→ **Data segment**
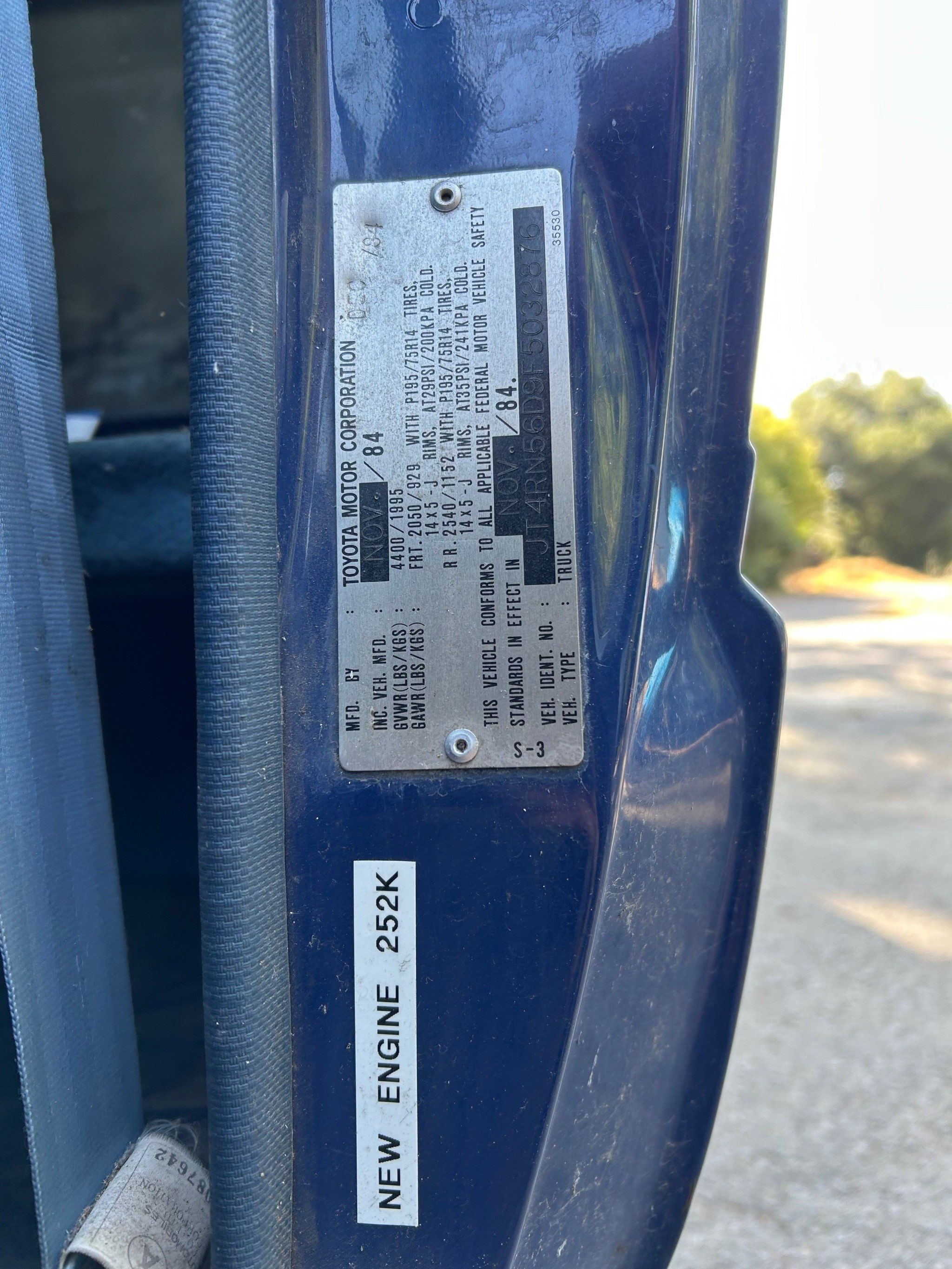 - Chassis #: JT4RN56D9F5032876
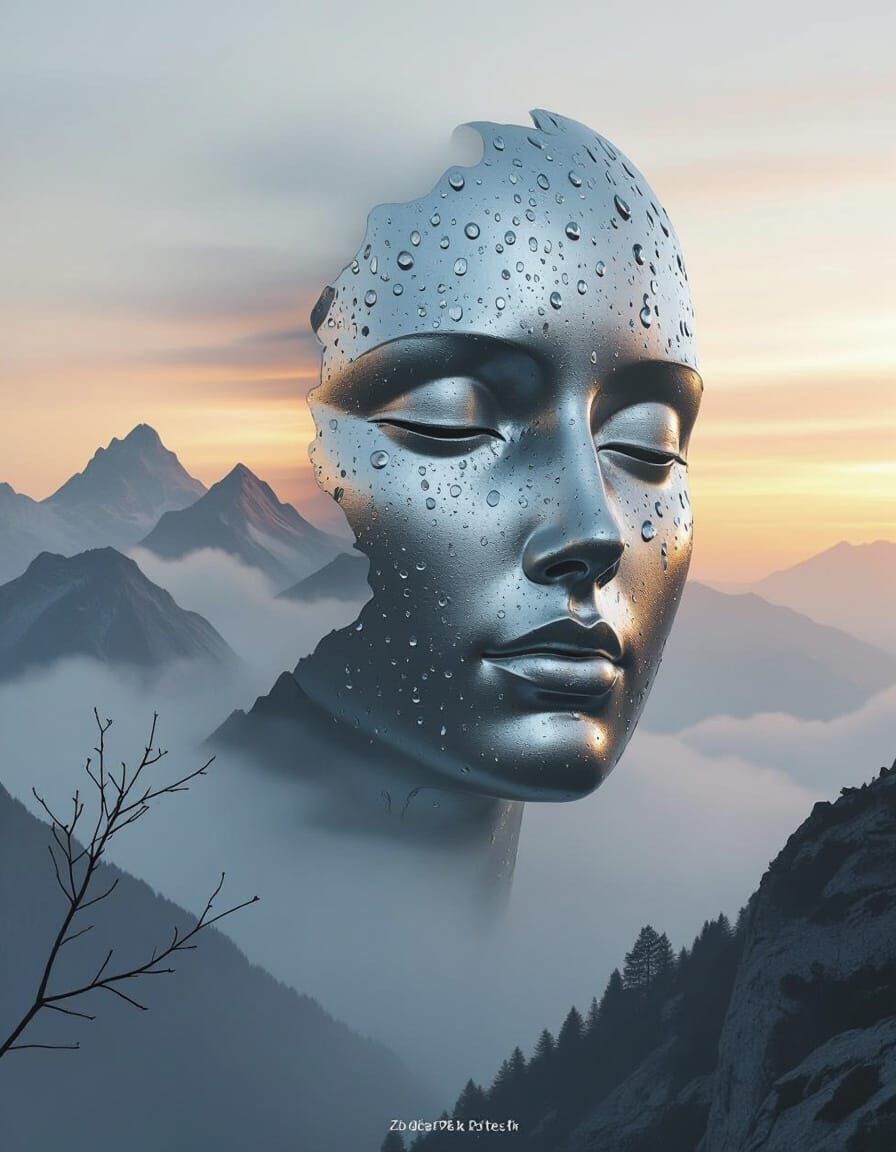 A contemplative, sculpted human face emerges from misty mountains at sunset, textured with water droplets. Rendered in a surreal digital matte painting style with muted colors and a shallow depth of field.
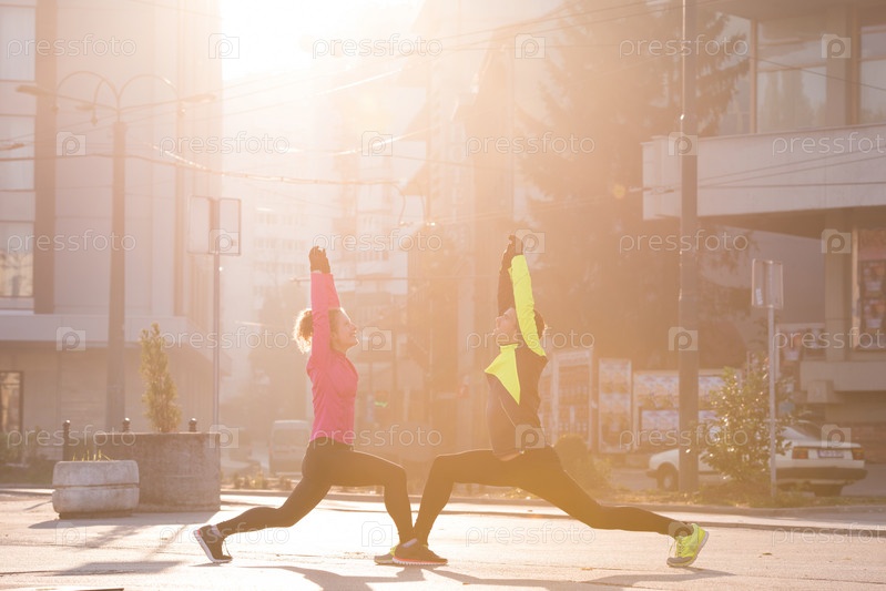 Пара разминается перед бегом
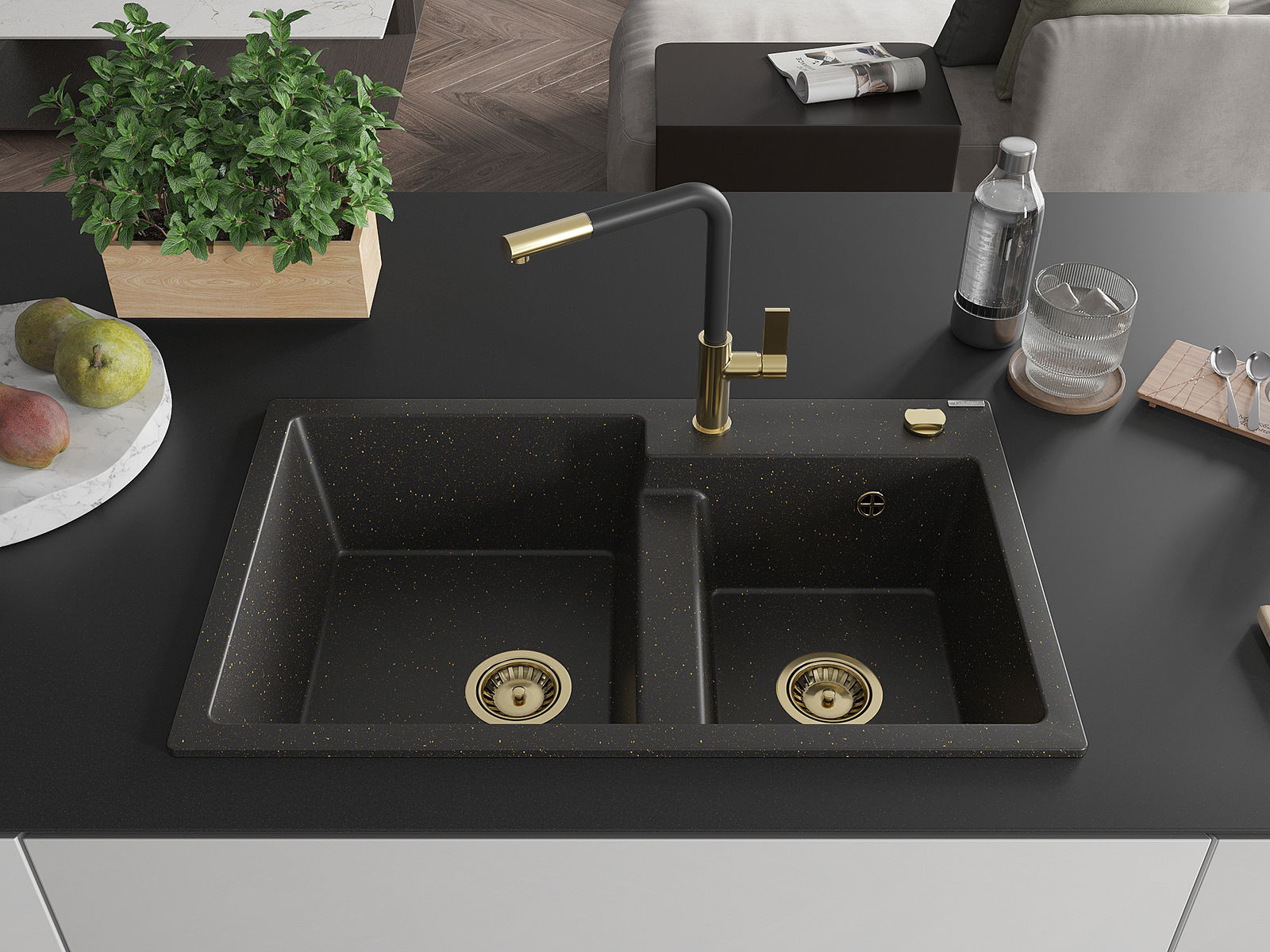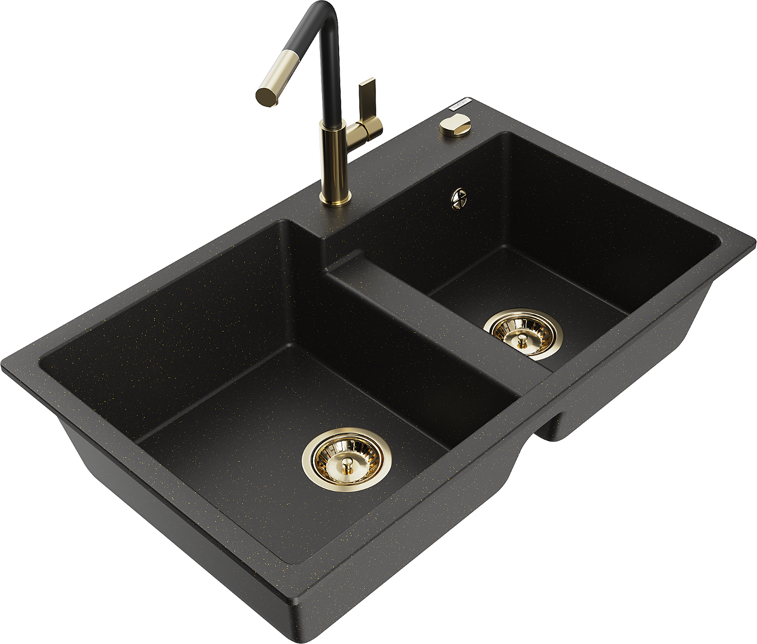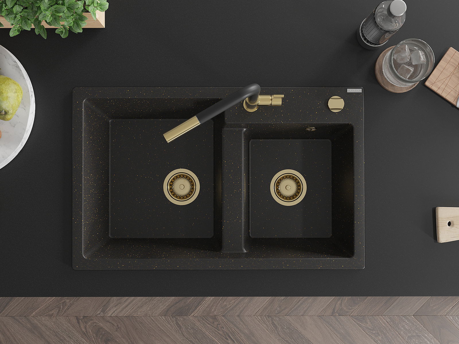 Mexen Tomas žulový drez dvojkomorový s kuchynskou batériou Flora, čierny/zlatý metalik - 6516-75-670401-57-G

→ **What you are asked to do**
Copy the listing exactly but drop its images.

→ **Written response**
 - Chassis #: JT4RN56D9F5032876
 A contemplative, sculpted human face emerges from misty mountains at sunset, textured with water droplets. Rendered in a surreal digital matte painting style with muted colors and a shallow depth of field.
 Пара разминается перед бегом
 Mexen Tomas žulový drez dvojkomorový s kuchynskou batériou Flora, čierny/zlatý metalik - 6516-75-670401-57-G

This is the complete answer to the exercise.